Federal government lawyer Michael Morris told the justices that the Ontario appeal court went too far.
“In the face of a complex social problem, uncertainty and contradicting social science evidence, we submit that the Ontario Court of Appeal erred,” said Morris.
Sex worker lawyer Alan Young disagreed. He asked the Supreme Court judged to ignore the “mythmaking, fearmongering and storytelling” of his opponents, and their “powerful, lofty, rarefied statements that don’t reflect the law.” It is this emphasis on the law – namely that sex workers have the fundamental human right to personal safety enshrined in the Canadian Charter of Rights — that was at the core of the Ontario Court of Appeal decision, which Young fought for.
Public sympathies in Canada are generally in favor of decriminalizing sex work, with the exception of certain conservative religious and social groups. This is because the current laws are generally acknowledged to enable the abuse of prostitutes; most notably by Robert Pickton. The British Columbia pig farmer has been convicted for killing six prostitutes, and is suspected of murdering many more; all under the neglectful eyes of law enforcement who saw the disappearance of Vancouver sex workers as not worth investigating.
Where this current case will go is anyone’s guess. That said, the Canadian Supreme Court has a history of sticking to the law, rather than making the kinds of political/ideological decisions that often bias top courts in other countries.

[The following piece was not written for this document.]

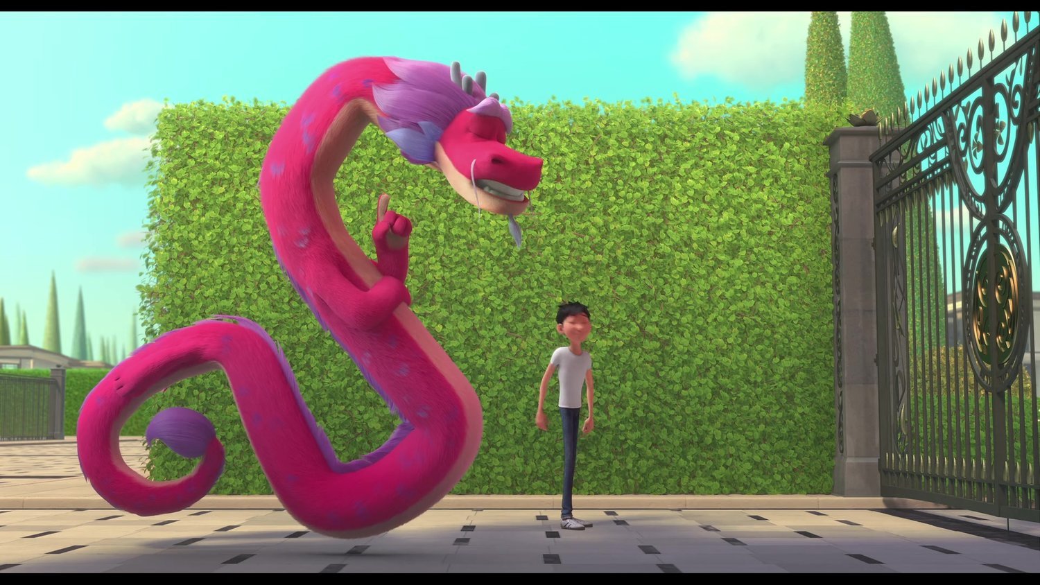 Обычный парень случайно высвобождает из чайника розового дракона, исполняющего желания. Дракон много веков просидел в заточении, и теперь ему ужасно интересно, как за это время изменился мир.

If the justices agree that the Charter of Rights supports sex worker rights — based on the law — then they will likely uphold the lower court ruling. Should this occur, sex work could open up in Canada.
What would remain to be seen is how the Conservative government of Prime Minister Stephen Harper would react. Harper has a history of not re-opening contentious social legal issues once they have been ruled upon by the Supreme Court, if the rulings are supported by the majority of Canadians. This is why his government has chosen not to challenge the availability of abortions in Canada following Supreme Court rulings allowing them, despite pressure within Harper’s party to make abortions much tougher – if not impossible – to get.
The biggest irony: The advent of the Internet, plus the lack of interest by police in investigating individual prostitutes already working discreetly indoors, means middle- and upper-echelon escorts already operate without too much fear in Canada.
The result: Should the bawdy house law be struck down, it will improve safety for ‘street walkers’ who currently have to jump into cars with potentially-dangerous johns, for fear of being busted for ‘communicating’. As for their more prosperous colleagues? Thanks to the Web, they’ve already liberated themselves from Canada’s out-of-date, functionally cruel prostitution laws.